Basking in a series of financial successes, Sempra Energy COO Donald Felsinger said his company cashed in on the big bet it made five years ago on natural gas strategy. Speaking Monday at Bank of America’s annual investment conference in San Francisco, Felsinger said Sempra correctly projected that North American production reached its peak and then it invested accordingly in liquefied natural gas (LNG) terminals, pipelines and storage.

“Early on we developed a view of natural gas supplies and prices that seems today to be generally accepted,” said Felsinger, who credited the company’s own research and analysis with helping the nonutility side of Sempra “position itself to capture opportunities it saw emerging from the changing natural gas marketplace.”

As a result, Sempra today is in the midst of several major gas initiatives that hold the promise of paying off big: (1) development of LNG receipt terminals on the Gulf Coast and on the West Coast; (2) investing in coal-fired power plants as a hedge against higher, more volatile wholesale natural gas prices; and (3) starting a pipeline and storage business that is evolving from a regional to a national orientation.

Besides resolving some onerous litigation from the California’s energy crisis four years ago, Sempra has two remaining challenges, Felsinger said. First it has set a high priority in wrapping up supply contracts for the majority of its capacity at two Gulf-based LNG import terminals. And secondly, it needs to find new opportunities and ways to capitalize on that LNG supply in the constantly evolving natural gas market.
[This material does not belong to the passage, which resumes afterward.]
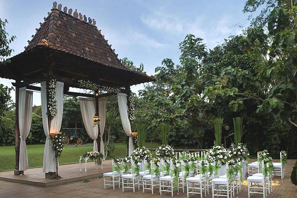 Plataran Canggu Bali Resort and Spa is a beautiful resort with authentic Balinese architecture and lush tropical garden surround it. This resort is an oasis of amazing peace and tranquility – a secret hideaway disturbed only by the twitter of birdsong and the crickets’ hum. Furthermore, Plataran Canggu Bali Resort and Spa is well featured by the beautiful landscape garden designed in the form of a labyrinth and crossing a river through shaky bridge to the spectacular spot for wedding, gala dinner, yoga class as well as cocking class. The legacy of the renowned landscape architect of Made Wijaya that design Plataran Canggu landscape with unique structure allows guests to wander off and explore the ultimate privacy and serenity of the resort. Therefore, Plataran Canggu Bali Resort and Spa is one of the popular Canggu Hotels ideally for relaxation during your vacation in Bali.
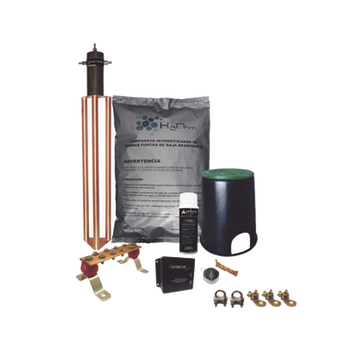 Contenido del Kit 1 Electrodo, 1 Spray protector, 1 Saco de 11 Kg de mejorador de suelo, 1 Registro para electrodo, 3 Conectores de Borne a cable, 2 Conectores de Varilla a cable, 1 Barra de unión con aisladores de 1000A, 1 Supresor clase B

In the meantime, the company is pursuing $2.5 billion in investments in three LNG facilities: Costa Azul in North Baja in Mexico; Cameron, along the Louisiana Gulf Coast; and Port Arthur in Texas, which still requires federal permits to proceed with construction.

More recently, the company announced a partnership effort with Kinder Morgan to build an enterprising 1,500-mile, $3 billion long-distance natural gas interstate pipeline to carry Rocky Mountain supplies to the Northeast United States.